A central bank is often politically independent. Members of the central bank policy board are passing through a series of panels and hearings before being appointed to a policy board seat. Each member in that board often has a certain conviction on how the central bank should control inflation and the subsequent monetary policy. Members that want a very loose monetary policy, with low rates and cheap lending, to boost the economy substantially while being content to see inflation slightly above 2%, are called ‘doves’. Members that rather want to see higher rates to reward savings and want to keep a lit on inflation at all time are called ‘hawks’ and will not rest until inflation is at or just below 2%.

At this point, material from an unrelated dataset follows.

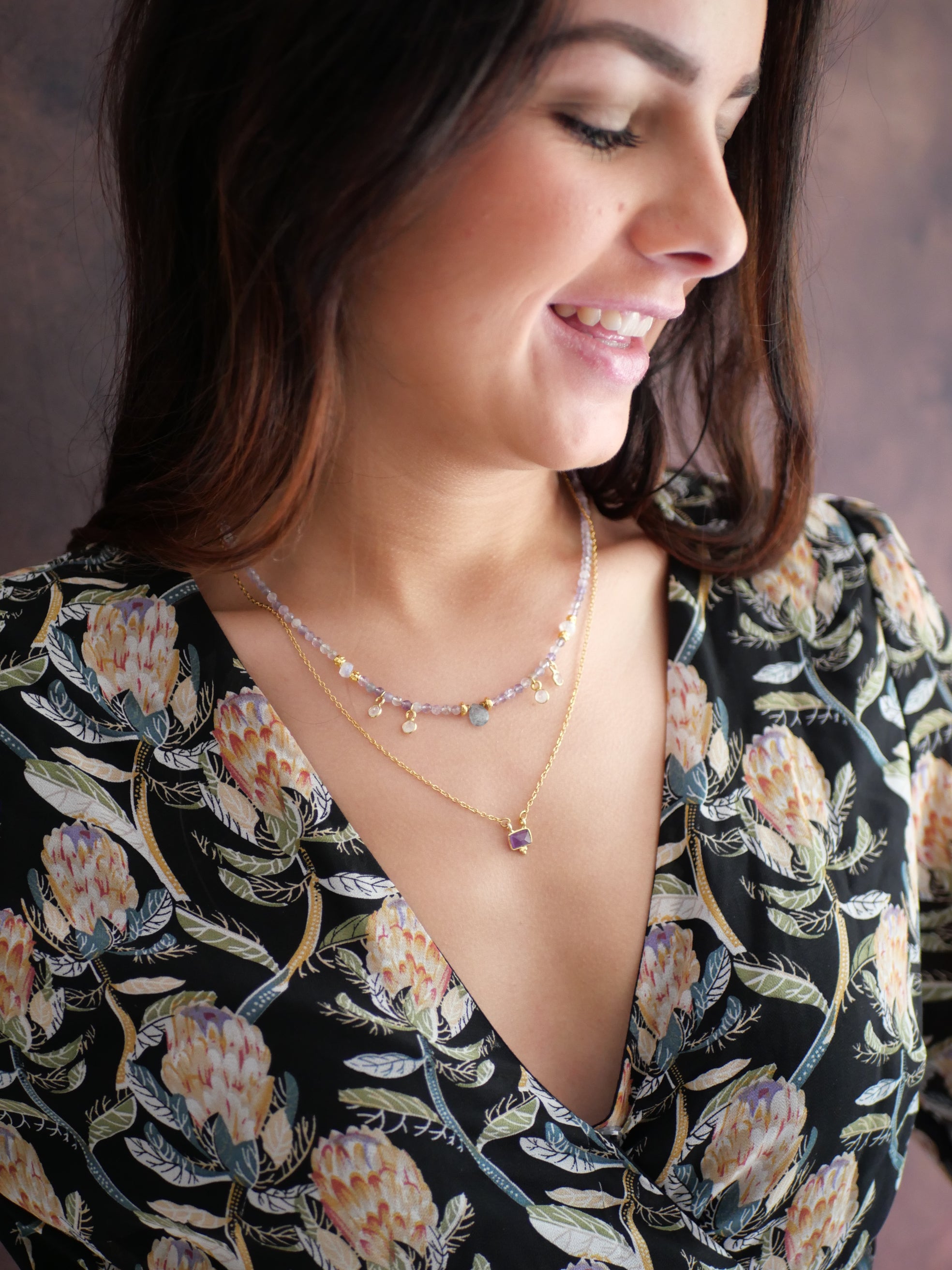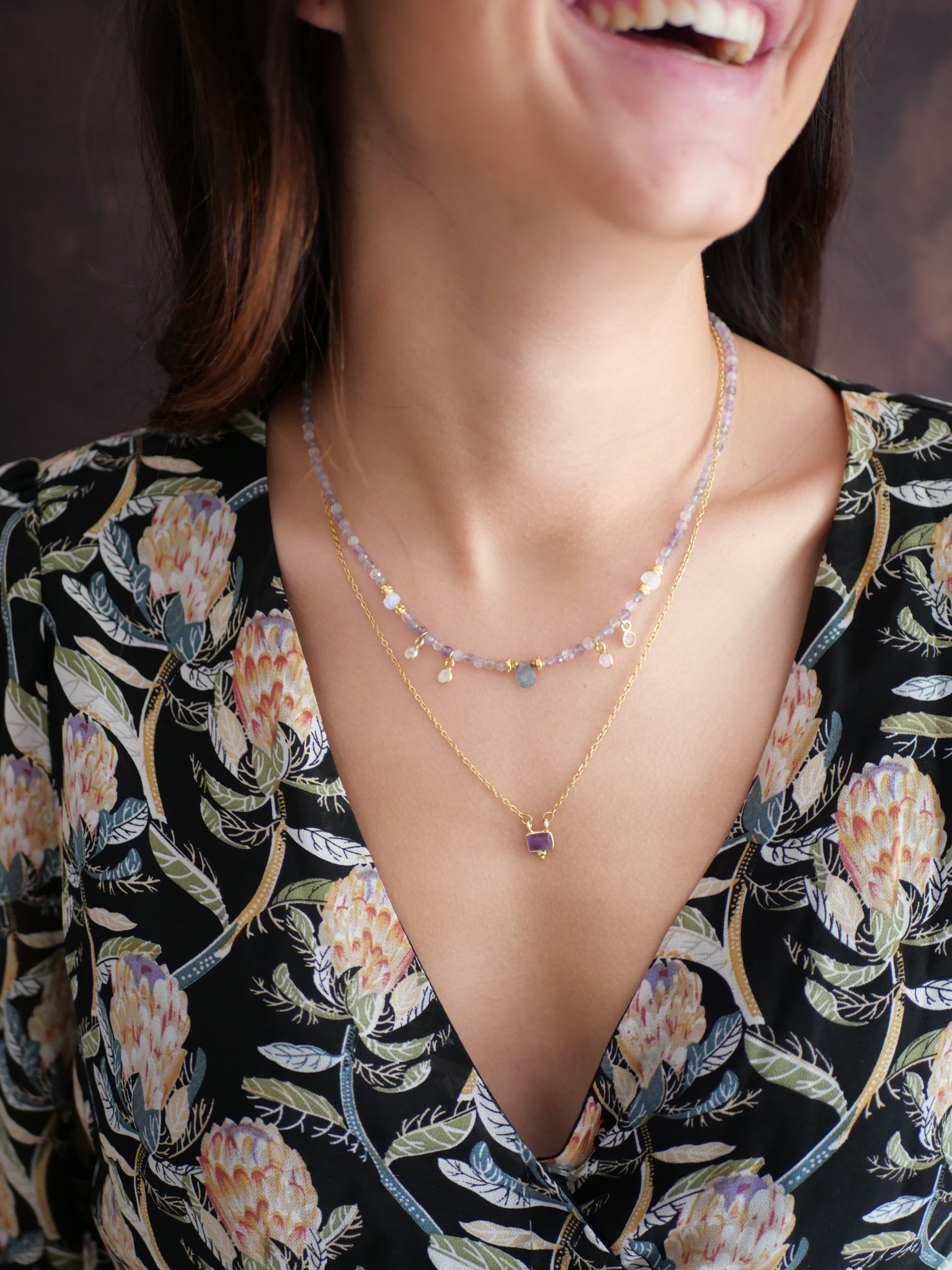 Magnifique composition de bijoux pour les fans de colliers en améthyste, comprenant deux colliers de la collection Puissantes :

Normally, there is a chairman or president who leads each meeting, needs to create a consensus between the hawks or doves and has his or her final say when it would come down to a vote split to avoid a 50-50 tie on whether the current policy should be adjusted. The chairman will deliver speeches which often can be followed live, where the current monetary stance and outlook is being communicated. A central bank will try to push forward its monetary policy without triggering violent swings in rates, equities, or its currency. All members of the central bank will channel their stance toward the markets in advance of a policy meeting event. A few days before a policy meeting takes place until the new policy has been communicated, members are forbidden to talk publicly. This is called the blackout period.